Origin of Bowl Bottom
2 min readIn the past, an emperor took a fancy to the celadon bowl produced in the Cizhouyao Kiln very much but he hated the bowl bottom that burned his hand when holding it so he ordered pottery artisans to improve porcelain bowls not burning hand in ten days. A pottery artisan named Wan’er took the task on his own initiative. When ears were added, the bowl became a jar; and when a handle was added, it became a pot. Neither way helped to solve the problem. One night when he was so sleepy that he fell asleep, the candle burned the collar of his ragged cotton-padded coat. His mother came over trying to stamp out the fire but the more she stamped, the higher the flame went. When waking up with a start, Wan’er found his mother standing on his burning coat with her soles smoking In a grasp, he carried his mother to the edge of the kang (bed) and took off her shoes. To his great surprise, he found that neither her feet nor her shoes were burned because of the wooden soles studded at the bottom of the shoes. Inspired by the wood-bottomed shoes, Wan’er succeeded in working out a bowl with a pad that very night so that when one held the bowl the hand would not be burned. Afterwards, other pottery artisans thought the solid bowl bottom was too heavy and not good-looking either so they used a ring-shaped bottom instead to achieve a better effect of thermal isolation.
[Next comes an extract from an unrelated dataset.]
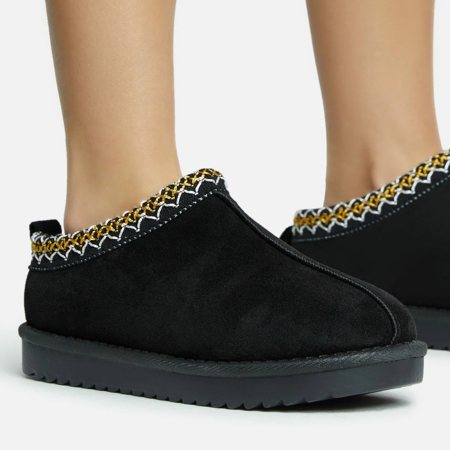 Give your off-duty look the update it deserves. Featuring a black faux suede material, with white aztec trim detailing, a closed toe and a slip on slipper design.

The legend has another version in the locality. In the Ming Dynasty, when passing by Pengcheng, the king of the Yan State took a liking to the glittering flowered bowl but his hand was burned by its bottom when holding it. Thus he issued an order to have a bowl made within five days that would not burn the hand. Nie Wansan, a superb handicraftsman in the town, accepted the task. At night, on seeing the crescent against a faint cloud, oblate in shape, he got an inspiration. The idea struck him was that if two crescent-shaped clay strips were stuck to the bottom of the bowl, they would help to isolate the heat to a certain extent and the hand holding it would not be burned. Henceforth, the bowl of Pengcheng had bottom. Later, other pottery artisans changed the two separated clay strips into a ring so that the effect of thermal isolation was much improved.